Using the listing below, copy exactly each line from the one that has "Obraz premium Voice" through the one that has "In addition, use"; omit the pictures.

Provided material:
----

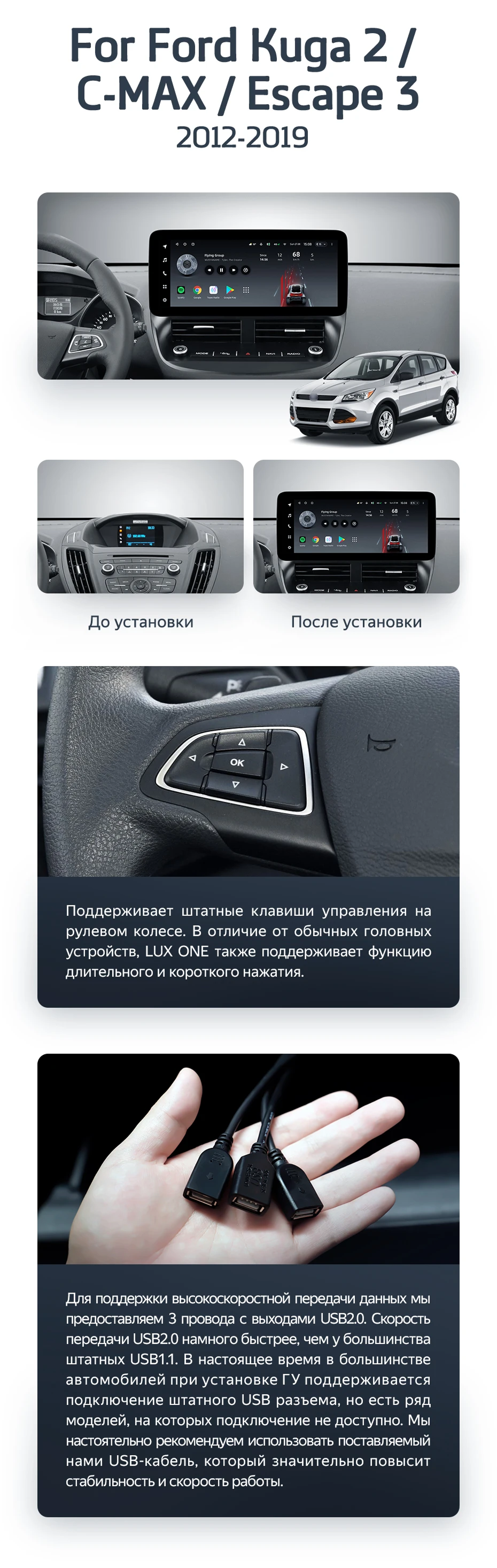 Штатная магнитола Teyes LUX ONE 6/128 Ford Kuga 2 (2012-2019) - купить всего за 51 400 руб. в интернет-магазине во Владимире Teyes.com.ru. ✓ Самый лучший выбор мультимедиа ✓ Лучшая замена штатному ГУ ✓ Тел. +7 (800) 775-31-74
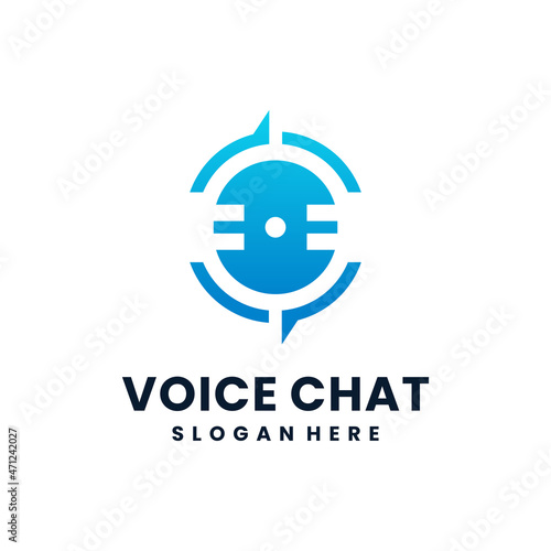 Obraz premium Voice chat logo vector with microphone and bubble chat symbol combination.
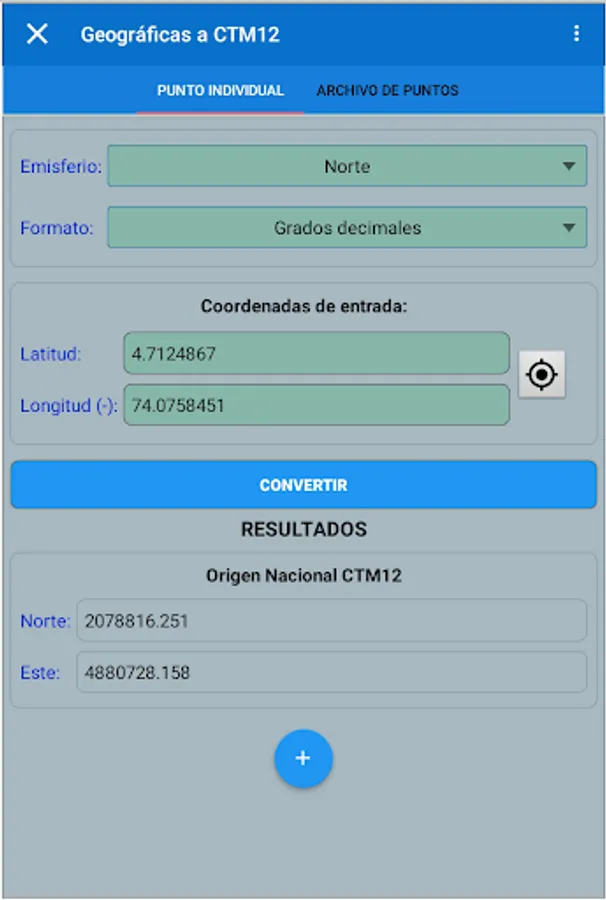 In addition, use your device as a GPS to obtain real-time coordinates of the CTM12 national origin or Gauss-Krüger coordinates
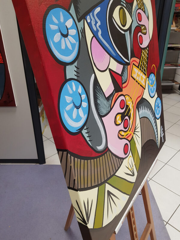 “Pulcinella suona la chitarra” misura 80 x 100 cm ed è realizzato con la tecnica dei colori da tatuaggio ed acrilici su tela. Non necessita di cornice in quanto la tela è spessa 4 cm. Colorata e scherzosa, questa opera porterà leggerezza ed allegria nella stanza che la ospiterà.

----

Task result:
 Obraz premium Voice chat logo vector with microphone and bubble chat symbol combination.
 In addition, use your device as a GPS to obtain real-time coordinates of the CTM12 national origin or Gauss-Krüger coordinates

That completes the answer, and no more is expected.